(INFORMATION SHOWN begins)
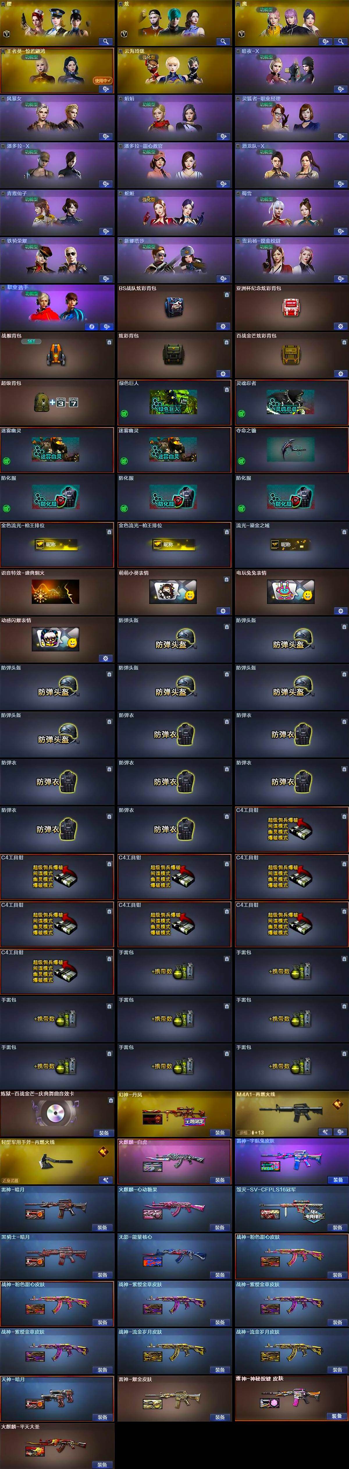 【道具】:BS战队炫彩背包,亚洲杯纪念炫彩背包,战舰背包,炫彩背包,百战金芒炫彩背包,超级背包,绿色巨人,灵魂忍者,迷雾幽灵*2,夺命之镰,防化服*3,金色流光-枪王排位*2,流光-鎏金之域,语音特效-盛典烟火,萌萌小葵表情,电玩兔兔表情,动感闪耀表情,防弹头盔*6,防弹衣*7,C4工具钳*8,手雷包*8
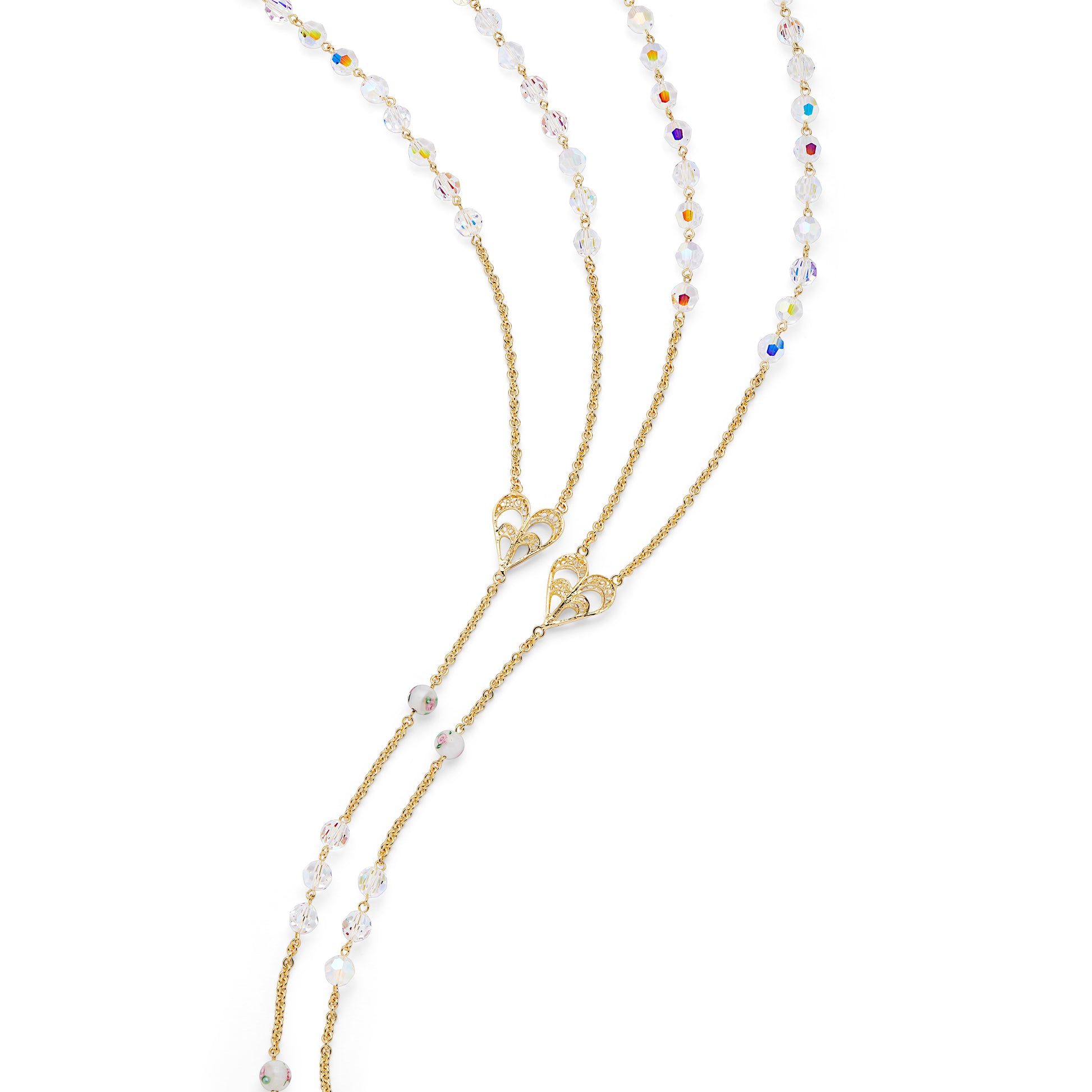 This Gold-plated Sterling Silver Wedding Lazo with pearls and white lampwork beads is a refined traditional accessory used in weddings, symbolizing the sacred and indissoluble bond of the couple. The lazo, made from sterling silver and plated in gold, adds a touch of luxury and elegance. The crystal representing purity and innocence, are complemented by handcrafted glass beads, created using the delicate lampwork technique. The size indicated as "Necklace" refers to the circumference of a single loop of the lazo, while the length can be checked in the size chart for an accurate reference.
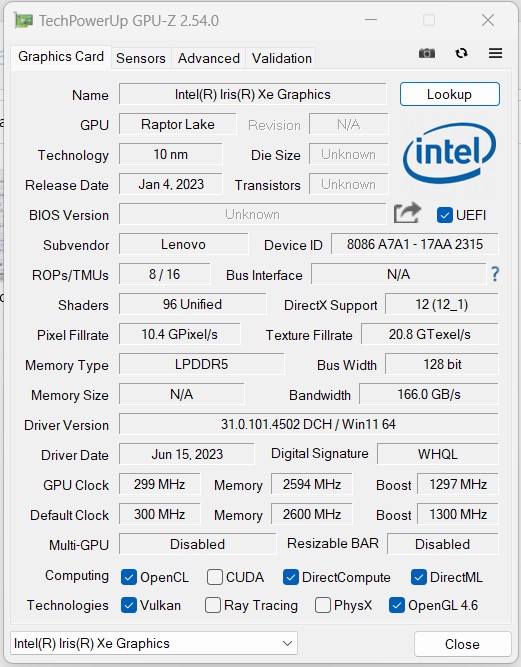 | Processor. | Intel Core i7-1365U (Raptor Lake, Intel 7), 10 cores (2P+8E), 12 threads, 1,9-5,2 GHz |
(INFORMATION SHOWN ends)
Take the data above and repeat it exactly, leaving each picture out.

§ ANSWER SECTION
 【道具】:BS战队炫彩背包,亚洲杯纪念炫彩背包,战舰背包,炫彩背包,百战金芒炫彩背包,超级背包,绿色巨人,灵魂忍者,迷雾幽灵*2,夺命之镰,防化服*3,金色流光-枪王排位*2,流光-鎏金之域,语音特效-盛典烟火,萌萌小葵表情,电玩兔兔表情,动感闪耀表情,防弹头盔*6,防弹衣*7,C4工具钳*8,手雷包*8
 This Gold-plated Sterling Silver Wedding Lazo with pearls and white lampwork beads is a refined traditional accessory used in weddings, symbolizing the sacred and indissoluble bond of the couple. The lazo, made from sterling silver and plated in gold, adds a touch of luxury and elegance. The crystal representing purity and innocence, are complemented by handcrafted glass beads, created using the delicate lampwork technique. The size indicated as "Necklace" refers to the circumference of a single loop of the lazo, while the length can be checked in the size chart for an accurate reference.
 | Processor. | Intel Core i7-1365U (Raptor Lake, Intel 7), 10 cores (2P+8E), 12 threads, 1,9-5,2 GHz |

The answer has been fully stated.